**WHAT TO DO**
Your answer should consist of every line in the records that holds "Matt".

(Records excerpted from a collection)
****
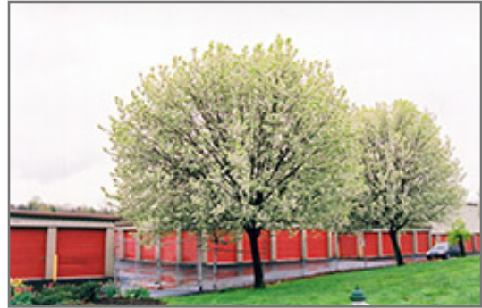
Bradford Ornamental Pear in bloom

Bradford Ornamental Pear is recommended for the following landscape applications;
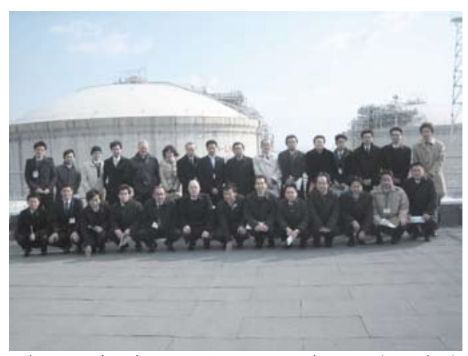
Delegates to the February 2012 Japanese members' meeting gather in front of the tanks at the Sakai LNG terminal

Two other gas carrier and gas-handling initiatives with which SIGTTO has close involvement are currently making progress at IMO. The latest status of the revised International Gas Carrier (IGC) Code and the new International Code on Safety for Gas-Fuelled Ships (IGF Code) is described on pages 9 and 7 in this newsletter.
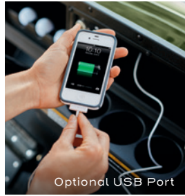
Optional USB Port
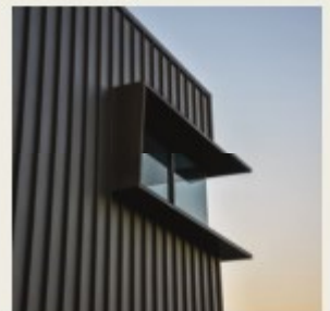
Wall colour: Monument® Matt

When you purchase COLORBOND® steel Matt you are buying products made and backed by BlueScope, one of Australia's largest manufacturers. BlueScope offers a range of warranties of up to 36 years for peace of mind 1 .
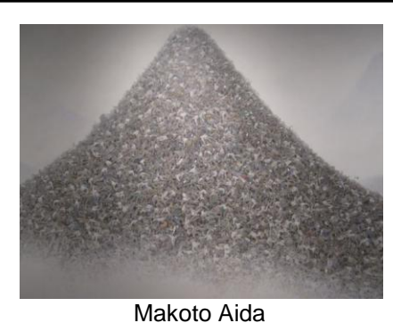
Ash Color Mountains, 2009–10, 118" × 276"

to express his concepts. He complains that the Japanese have become soft and submissive and do not have a real army because of America. Their fabled devoted salarymen, lifetime corporate employees, are weak and should be discarded, as they are in his detailed 2009-11 painting Ash Color Mountain. He created a mound composed of thousands of dead salarymen intertwined with their desks, computers, office furniture, and briefcases. Aida sees Japanese men as feminized and submissive. They should rise up and commit ritual suicide to regain their
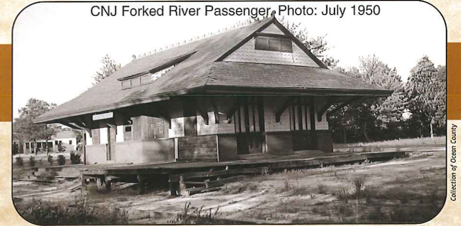
Collection of Ocean County
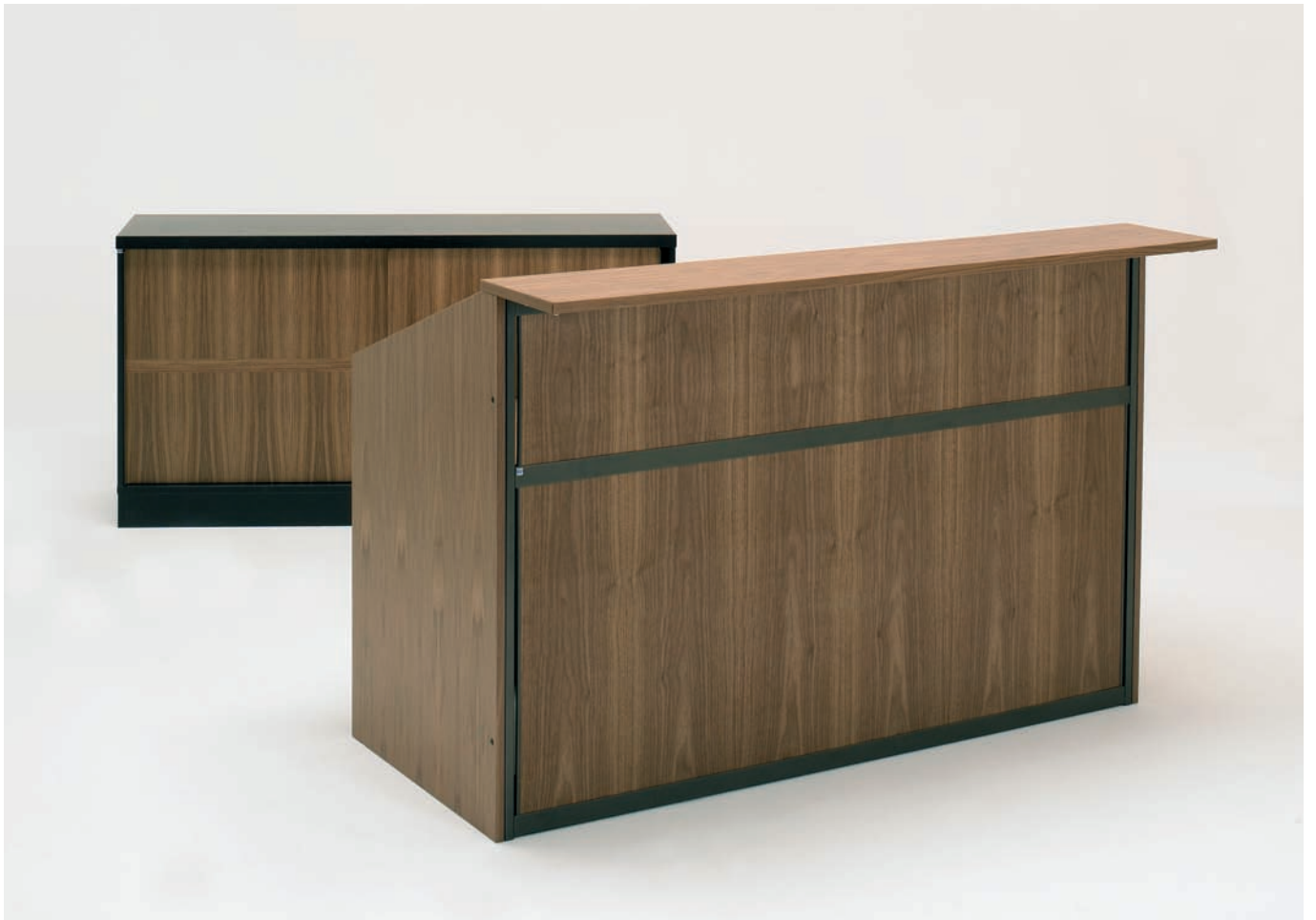
Rak del i valnöt. Snitsa XL-skåp. Straight section in walnut. Snitsa XL cabinet.
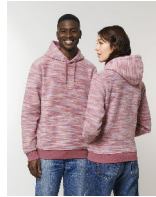
Cruiser Space Dye

Shell : Piqué , 100% Cotton - Organic Ring Spun Combed , Fabric washed , 230 GSM
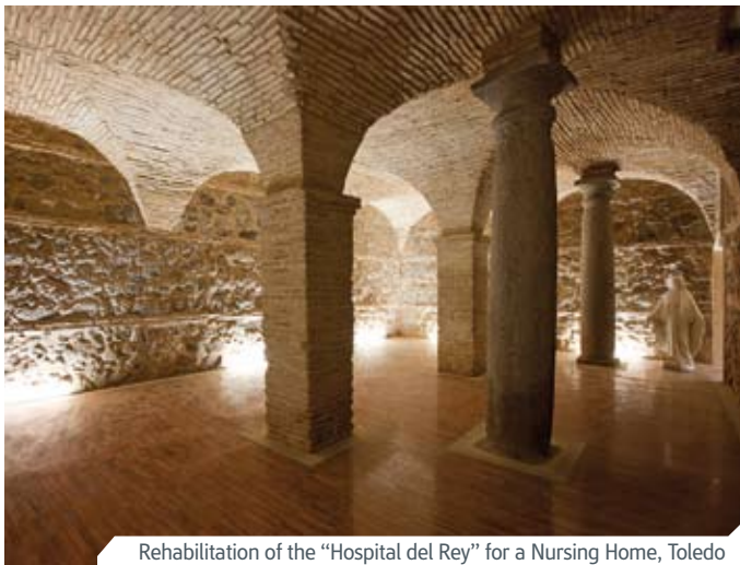
Rehabilitation of the “Hospital del Rey” for a Nursing Home, Toledo
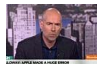
Did Apple Make a Huge Error on iPad ... Bloomberg
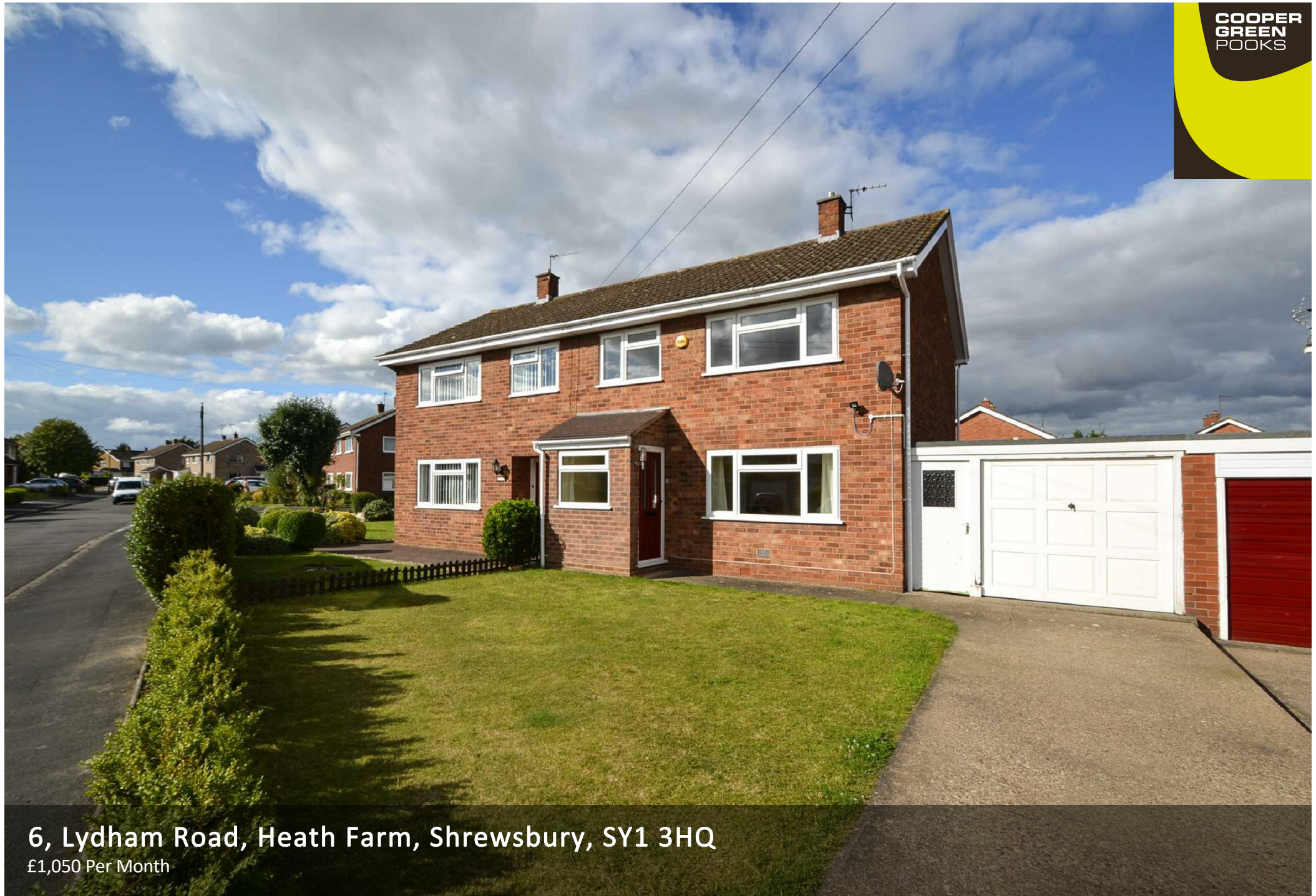
6, Lydham Road, Heath Farm, Shrewsbury, SY1 3HQ £1,050 Per Month
****
**SOLVED EXERCISE**
Wall colour: Monument® Matt
When you purchase COLORBOND® steel Matt you are buying products made and backed by BlueScope, one of Australia's largest manufacturers. BlueScope offers a range of warranties of up to 36 years for peace of mind 1 .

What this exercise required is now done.